Car 5

1932 Coupe by Kellner

1931 was the vintage year for Royales, along with being the year in which the Wall Street crash of 1929 began to have its most profound effect on the economies of Europe . Encouraged by the Esders and Fuchs sales, Ettore prepared to penetrate the royalty sensitive British market. To do so, he commissioned one of Paris ‘ most distinguished coachbuilders, Kellner, to design & build for this chassis a gran tourisme which would be the last word in serene good taste. Kellner, richly experienced in working with many of the finest chassis of the day, from Hispano-Suiza to Duesenberg J, submitted various proposals. The one chosen for execution and for presentation at London ‘s Olympia Show late that year was a two door saloon or sedan.

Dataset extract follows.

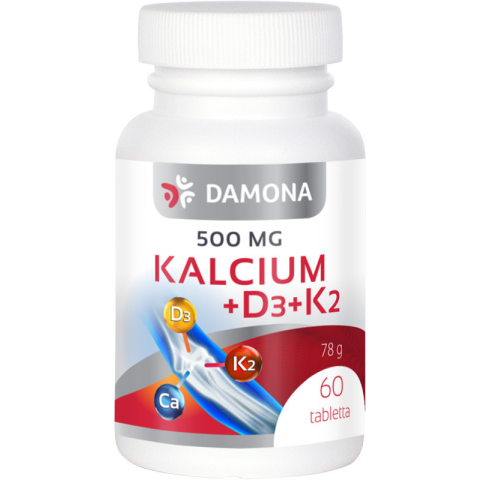 Damona kalcium d3 k2 tabletta 60 db A normál csontozat, fogazat és izomfunkció fenntartásához. 500 mg kalciumot, valamint D3- és K2-vitaminokat tartalmazó étrend-kiegészítő tabletta.

Bearing a price tag of £6,500 41141 was by far the most expensive car on display at the show. It was praised for its exquisite proportions and nobility of line, but no sales took place, there or thereafter. The showpiece remained in the Bugatti family, weathering World War II by being shunted from one shelter to another. It is one of the two Royals obtained from Ettore’s daughter L’Ebei by Briggs Cunningham and was one of the crowning pieces of his collection. Maintained in perfect operating condition, it was exercised regularly, often with museum guests as passengers. It was later bought from Cunninghams for £5,500,000 in 1987, it hass since 1990 been owned by Meitec Corporation, an engineering company in Japan , who according to sources bought it for £10 million. It is now owned by the Volkswagen group, owners of the Bugatti marque.